I think Proverbs 22:4 is a good verse illustrating the nature of this issue overall: "The reward for humility and fear of the Lord is riches and honor and life." The "riches" and possibly even "honor" spoken of here have the exact same apparent nature and contextual appearance as do the "rewards" spoken of any of the various passages often cited to support degrees of reward in Heaven. Yet in this verse, what is the third benefit indiscriminately spoken of right next to those other two? "Life." And we certainly agree on _that_ being something that we fully and solely obtain through Christ's righteousness. So the burden of proof would seem to be on those who would make the "riches" or "honor" a different story.


----------



## Puritan Sailor (Nov 20, 2007)

Look at the parable of the talents. Christians will be rewarded for how they used all the gifts and graces God gave them. They are "rewards of grace" (as the Heidelberg Catechism calls it) not rewards of merit. God in his good pleasure chooses to reward us for our good works, which he wrought in us in this life. These rewards are blessings in addition to justification, and the works rewarded are not the grounds for justification.


----------



## regener8ed (Nov 20, 2007)

I don't think i'll be gettin many rewards if the rewards have anything to do with what I do.


----------



## Puritan Sailor (Nov 20, 2007)

Some help from the Heidelberg Catechism:


60. Q. How are you righteous before God? 

A. Only by true faith in Jesus Christ.[1] Although my conscience accuses me that I have grievously sinned against all God's commandments, have never kept any of them,[2] and am still inclined to all evil,[3] yet God, without any merit of my own,[4] out of mere grace,[5] imputes to me the perfect satisfaction, righteousness, and holiness of Christ.[6] He grants these to me as if I had never had nor committed any sin, and as if I myself had accomplished all the obedience which Christ has rendered for me,[7] if only I accept this gift with a believing heart.[8] 

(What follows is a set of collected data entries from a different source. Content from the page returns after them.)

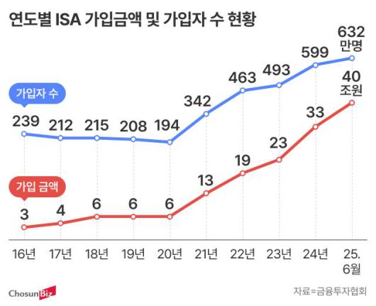 금융투자협회는 30일 지난 6월 말 기준 ISA의 가입금액은 40조3847억원, 가입자 수는 631만 6000명으로 집계됐다고 밝혔다.
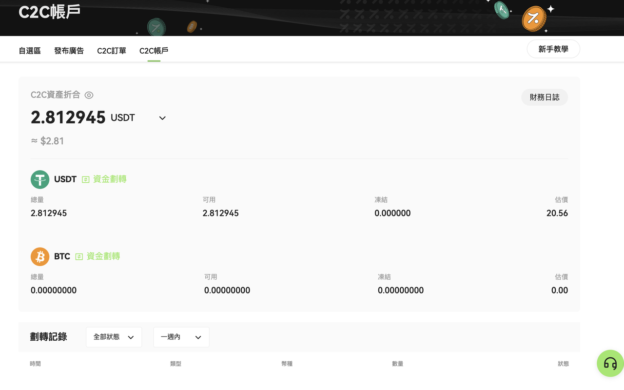 如需進行交易,您可以將 C2C帳戶中的資產劃轉至其他帳戶。更多詳情請參閱:《什麼是資金劃轉?》
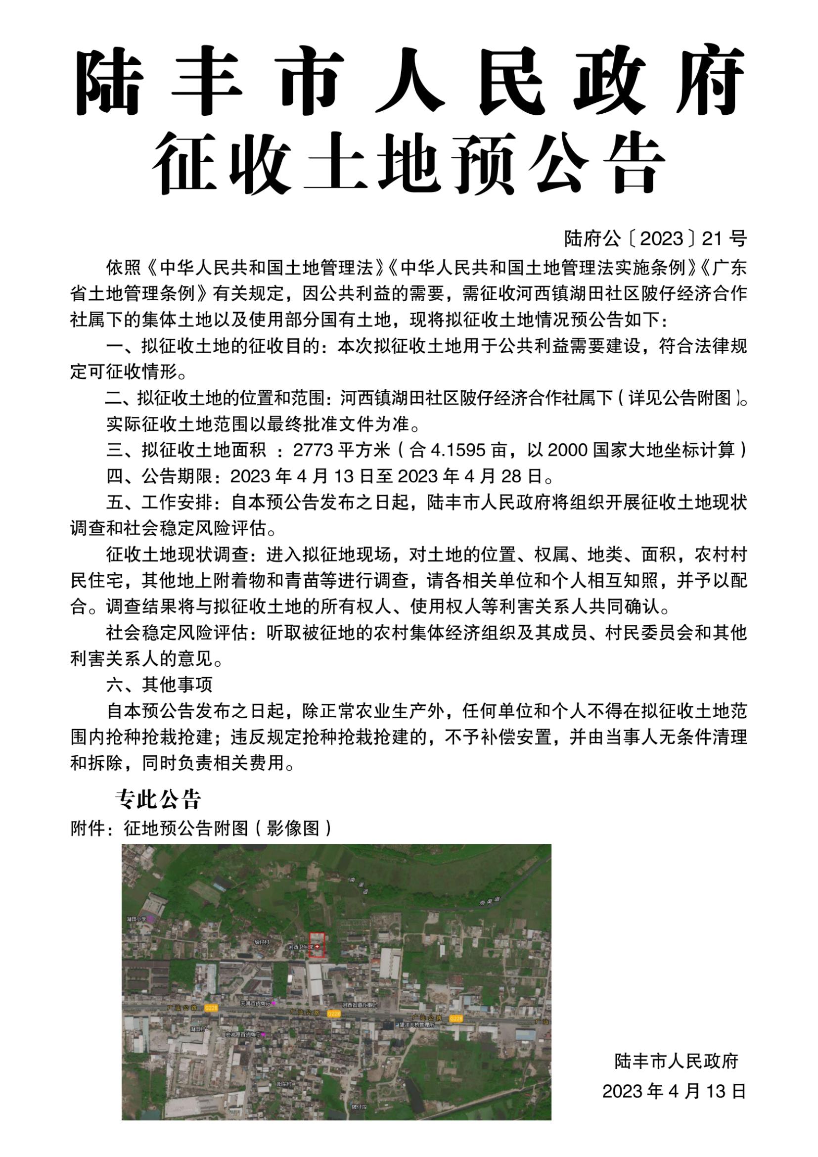 陸豐市人民政府征收土地預(yù)公告(陸府公〔2023〕21號)
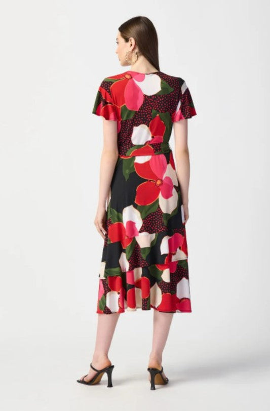 Joseph Ribkoff 241285 Black-Multi Floral Print Flowy Wrap Dress
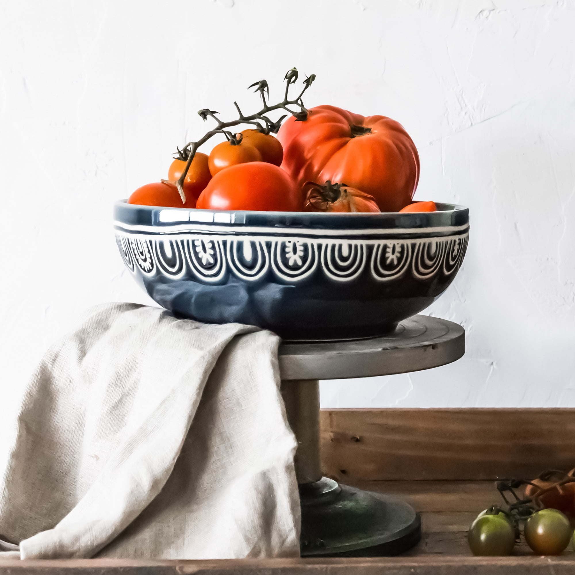 Make even everyday tablescapes look and feel more special this Better Homes and Gardens serve bowl that compliments almost any kitchen. This stunning bowl features an intricate pattern in raised white ceramic glaze against a smoky teal background on the exterior and white glaze on the interior. It will make even simple meals more exotic. This medium sized serve bowl will add style to your table when mixed with Better Homes and Gardens Teal medallion dinnerware and the white porcelain dinnerware as well. Stoneware is durably crafted for everyday use and it is dishwasher, microwave and freezer safe. There is also a serve platter available with this series, sold separately. Item ships in a re-shipper for safety and does not come in a gift box.
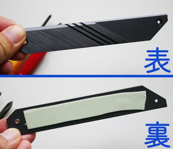 写真は一例ですが、ヒートシンクは細長い形状で、裏側に放熱素材がついています。マザーボードに取り付けたM.2 SSDの上にかぶせて、両端をねじで固定します。
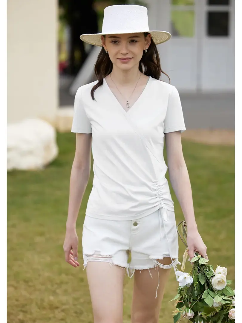 Embrace effortless style with this chic and comfortable tee. Crafted from soft cotton jersey, this top features a flattering V-neckline and delicate shirring detail that accentuates your figure. Perfect for everyday wear, this versatile piece will effortlessly elevate any outfit.
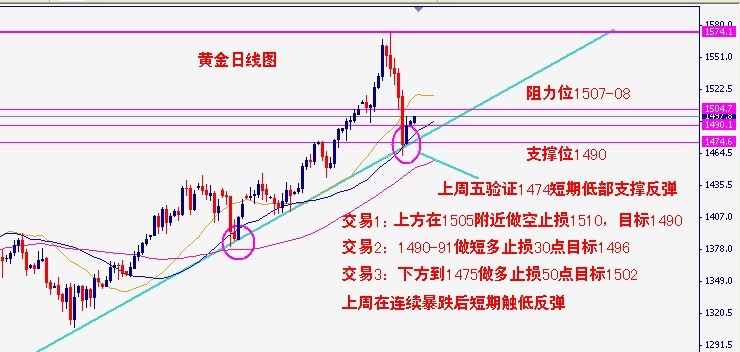 就算黄金还会继续下探,也不大可能会在今日跌破1474该位。从上周五的非农数据来看是利好美元,美指大幅飙升,然而贵金属市场只小幅下探1474回升并在今日站上了1490上方。有此可见短暂的恐慌并没有带来投资者对贵金属失去信心。买盘坚定不移。而这次的暴跌和金融家们在短期内把黄金炒的太高,超出黄金正常范围的升值。并加之大部分的投机家们的获利了解,和以上的二个方面大力做空黄金所走出目前这样的行情。
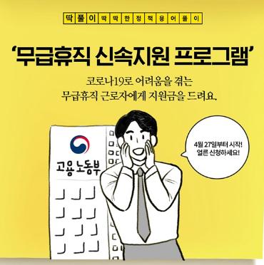 무급휴직 신속지원으로 당장 생계 어려움을 겪는 근로자를 돕고 대규모 고용안정 패키지를 통해 코로나19로 인한 고용충격도 함께 줄여가겠습니다!
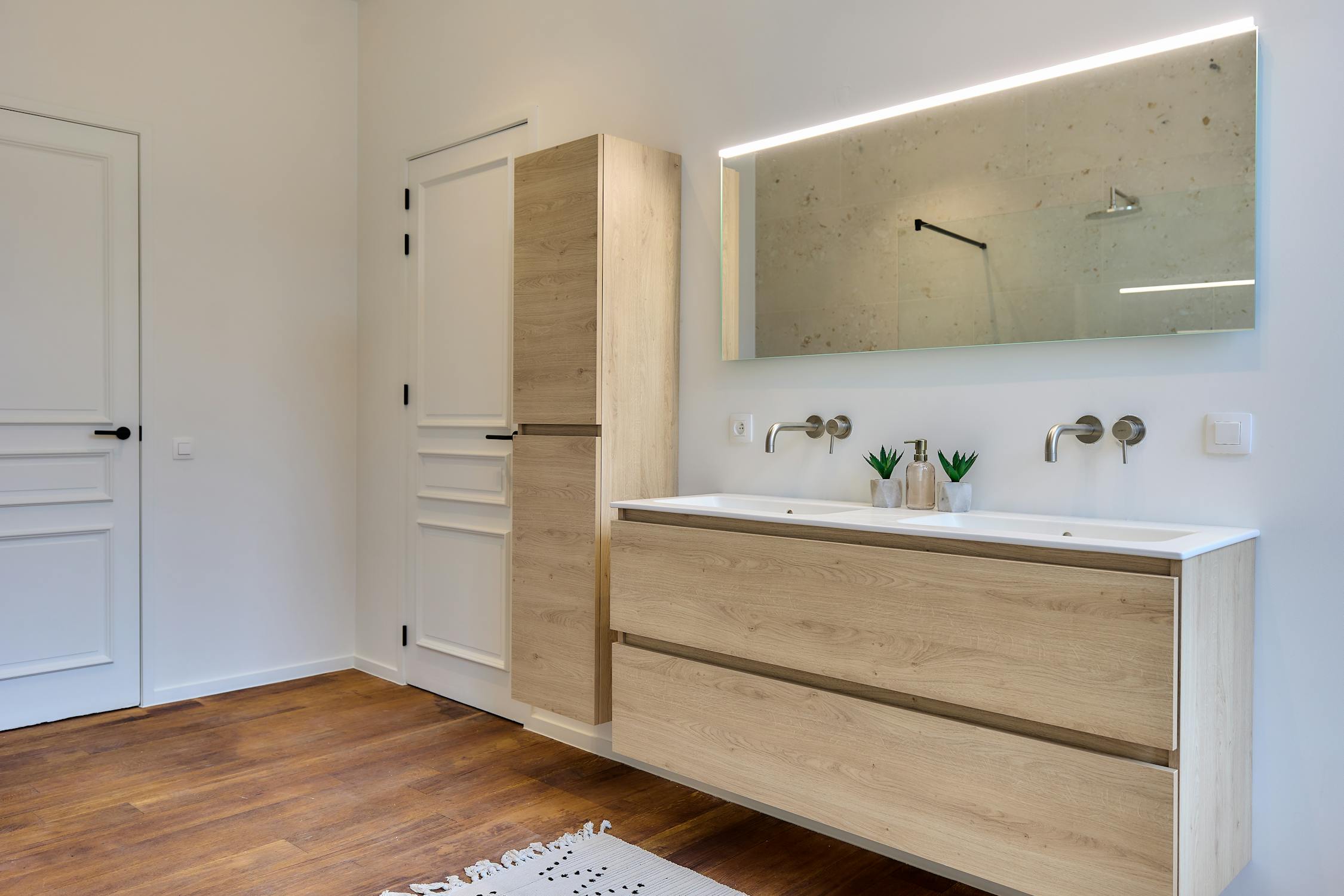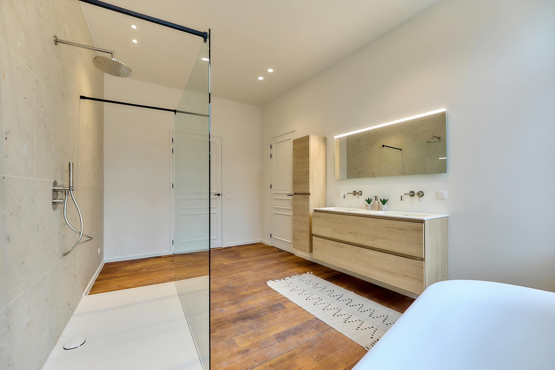 Eerste verdieping (bereikbaar met lift): Nachthal met apart toilet - master bedroom met verbinding naar het terras - dressing/bureaukamer - ruime badkamer met lavabomeubel, ligbad en inloopdouche.
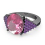 Pembe kuvars ve ametist 925 ayar siyah rodyum kaplama gümüş yüzük
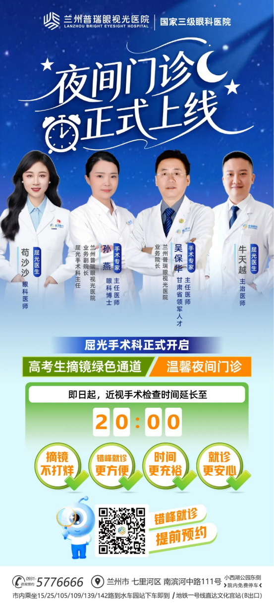专业团队是手术安全与效果的核心保障。在兰州普瑞眼视光医院,“摘镜”从来不是一次性的医疗行为,而是一段贯穿一生的视觉健康承诺。

[1] Rom. 3:21-28; Gal. 2:16; Eph. 2:8, 9; Phil. 3:8-11. [2] Rom. 3:9, 10. [3] Rom. 7:23. [4] Deut. 9:6; Ezek. 36:22; Tit. 3:4, 5. [5] Rom. 3:24; Eph. 2:8. [6] Rom. 4:3-5; II Cor. 5:17-19; I John 2:1, 2. [7] Rom. 4:24, 25; II Cor. 5:21. [8] John 3:18; Acts 16:30, 31; Rom. 3:22. 


--------------------------------------------------------------------------------

61. Q. Why do you say that you are righteous only by faith? 

A. Not that I am acceptable to God on account of the worthiness of my faith, for only the satisfaction, righteousness, and holiness of Christ is my righteousness before God.[1] I can receive this righteousness and make it mine my own by faith only.[2] 

[1] I Cor. 1:30, 31; 2:2. [2] Rom. 10:10; I John 5:10-12. 


--------------------------------------------------------------------------------

62. Q. But why can our good works not be our righteousness before God, or at least a part of it? 

A. Because the righteousness which can stand before God's judgment must be absolutely perfect and in complete agreement with the law of God,[1] whereas even our best works in this life are all imperfect and defiled with sin.[2] 

[1] Deut. 27:26; Gal. 3:10. [2] Is. 64:6. 


--------------------------------------------------------------------------------

63. Q. But do our good works earn nothing, even though God promises to reward them in this life and the next? 

A. This reward is not earned[1]; it is a gift of grace.[2] 

[1] Matt. 5:12; Heb. 11:6. [2] Luke 17:10; II Tim. 4:7, 8.


----------